You learned your ABC’s a long time ago.  The question now is do you know your BBB’s?  I will give you a hint.  It has nothing to do with a backyard barbeque or the Better Business Bureau.  The three B’s I speak of represent 3 bubbles, each of which have expanded so large that just the sight of a pin could burst any one of them at any time.  Heaven help us if they all burst at once.

The three bubbles are Stocks, Bonds and the Dollar.  Some may question the very existence of said bubbles, but the facts tell us those who fail to acknowledge these bubbles exist are simply living in denial.  The bubbles will burst!  It’s just a matter of time before bubbles meet pin and that sticky mass splats all over the face of the global financial community.

Bubble #1 - Stocks

Since the last crisis, the stock bubble has been blown up by low interest rates, multiple stimulus programs and more recently by corporate buybacks.  Let’s be honest.  In the olden days rising stocks were the product of rising industrial output, rising employment and rising wages.  Today, we have none of that.  Full-time jobs have been replaced by part time jobs, wages have fallen accordingly and cost cutting has become a primary source of corporate profit. 

For those who remain in denial of these facts, just look at the Labor Force Participation Rate.  In October of 2009, smack dab in the middle of the debt crisis, the unemployment rate peaked at 10%.  At the same time, the Labor Force Participation Rate was 65%.  Today our unemployment rate is said to be 5.5% yet our LFPR has fallen to just 62.8%.  How does that work?  How can the data show less employment and less unemployment at the same time? 

A better question may be, why is the Dow 8,000 points higher today than it was in October of 2009 when we had more of our population working at higher wages than we have today?  Go ahead!  Try to deny that.  Try to rationalize away the fact that the stock market is a super bubble blown up by artificial stimulus.

Once you accept that the market bubble has been blown up by artificial means, it is easy to see how that bubble could burst once the stimulus is removed. 

Bubble #2 - Bonds

The second bubble is bonds.  Let me see.  If you print $4 trillion dollars and spend $3 trillion or so on government treasuries, that results in normal treasury prices and normal yields.  [sarcasm added]  And, if you stop buying treasuries with printed money, the price of bonds will not fall as demand falls.  Wake up!  You ARE having a nightmare!

Since the last crisis, high demand for treasuries has been totally artificial due largely to the Fed’s QE bond buying program.  High demand equals higher prices and lower yields/interest rates.  Remember, interest rates are inversely related to treasury prices.  The higher the price the lower the yield.  Now, it only stands to reason, if you take away the artificial demand, treasuries will fall in price.  That liquid pile of high value treasury assets, being used to support money markets, annuities, savings, insurance policies, CD’s, your pension fund and perhaps more of your financial assets than you care to admit, will shrink into a puddle of burst bubbles.

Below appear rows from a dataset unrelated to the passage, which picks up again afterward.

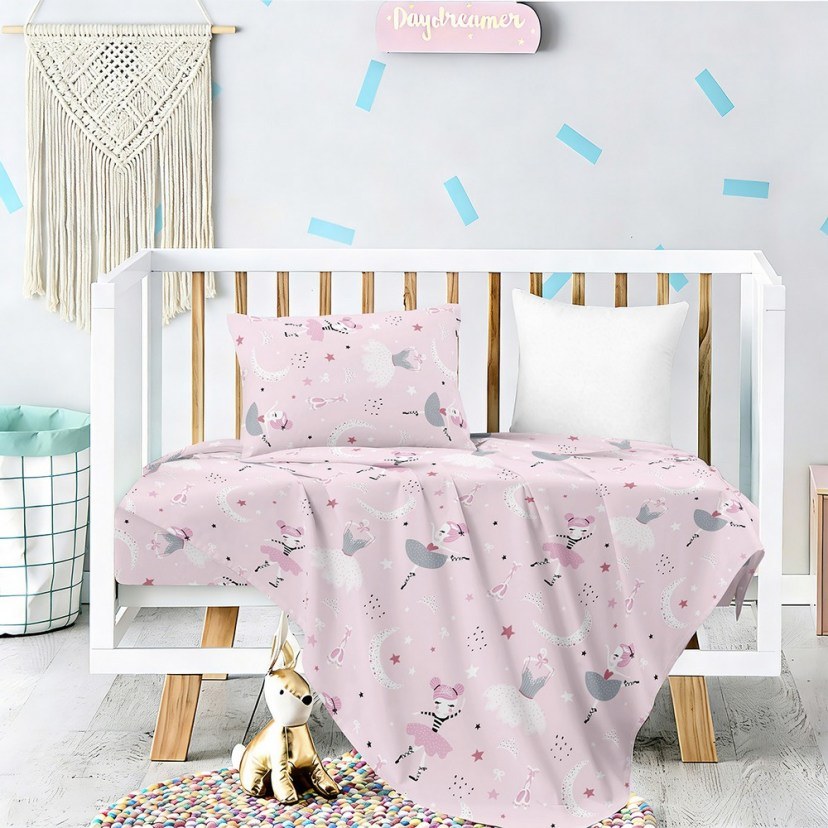 Χαρίστε τον ιδανικό ύπνο στην κορούλα σας, κάνοντας δικό σας το Σετ Βρεφικά Σεντόνια Ballerina Με Λάστιχο (3τμχ). Φέρει απαλά χρώματα και χαριτωμένα παιδικά σχέδια με μπαλαρίνες. Κατασκευασμένο από 100% βαμβακερό-σατέν ύφασμα 200 κλωστών, προσφέρει απαλή υφή και λείο φινίρισμα, εξασφαλίζοντας άνετο και υγιεινό ύπνο. Το σετ αποτελείται από ένα flat σεντόνι, ένα σεντόνι με λάστιχο και μία μαξιλαροθήκη. Πλένεται στους 40°C και σιδερώνεται σε μέτρια θερμοκρασία. Απαγορεύεται η χρήση χλωρίου ή λευκαντικού.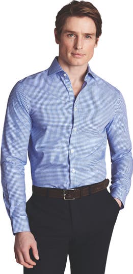 Grid Check Non-Iron Stretch Twill Slim Fit Shirt Single Cuff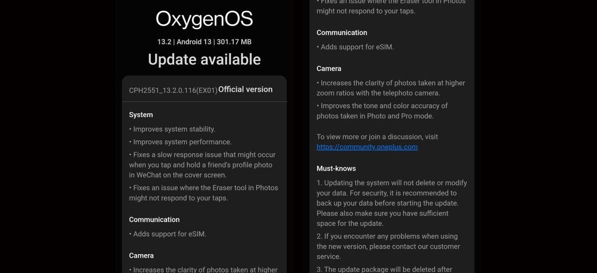 The company released the new OnePlus Open update in India with firmware version 13.2.0.116. With the update, the foldable receives several changes – one of which includes eSIM support. Alongside system performance improvements and bug fixes, the update also includes considerable camera enhancements. The update, OnePlus claims, improves the clarity of photos captured with the telephoto camera. It also states that the tone and colour accuracy of images taken in Photo and Pro mode has been improved.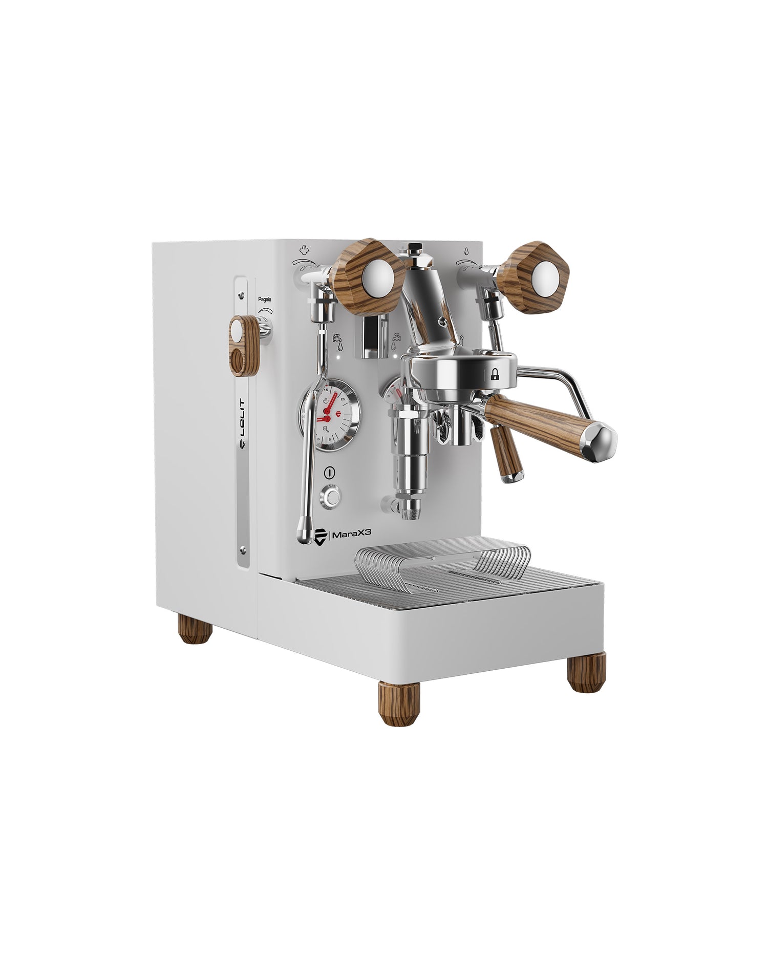 MaraX3 is also available in elegant white and black versions. Both maintain the new design language and the same technical features, ensuring identical performance in the cup. Completing the aesthetic, Zebrano wood details: Pagaia, knobs, lever, 2-way portafilter, and tamper, add a distinctive and refined tactile touch.

Since the Fed has begun to taper its bond buying program, who is going to step in and buy all those bonds needed to be sold in order to fund the national budget?  It is inevitable.  In order to continue to sell bonds at the rate the Fed was purchasing, the bond prices need to fall and the interest rates need to rise.  Surely, to buy our treasuries now is to buy them at or near their highest prices in history. 

Where’s the upside?  Who wants to commit to earn just 2% on their money for the next 10 years?  As the number of buyers willing to accept these measly returns begins to diminish, that’s when the bond bubble bursts.

Bubble #3 – The Dollar

As the dollar currently trades on foreign exchange markets, it trades at its strongest levels since September of 2003.   Measured against a basket of foreign currencies, today’s dollar is king of the hill.  Unfortunately, the hill upon which the dollar stands is a junk heap and the rest of the world is more than happy to relinquish ownership.  To be king of this hill is the kiss of debt for our own markets and our economy.    

Here’s 5 reasons why. . .

Reason 1 - An Adverse Effect on Foreign Trade

For U.S. companies who rely on foreign trade to boost profitability, a strong dollar is a major handicap.  Simply, it prices exported U.S. goods out of the market.  Let’s zoom in on the Euro.  Not long ago, a Euro was worth $1.36.  U.S. companies who priced their product in Euros once received $1.36 for every dollar’s worth of product sold in Europe.  As of this writing the Euro is worth $1.06 - 22% less.  To maintain profitability, U.S. companies have two choices.  Either raise the price of the goods sold abroad or cut production costs at home to stay competitive.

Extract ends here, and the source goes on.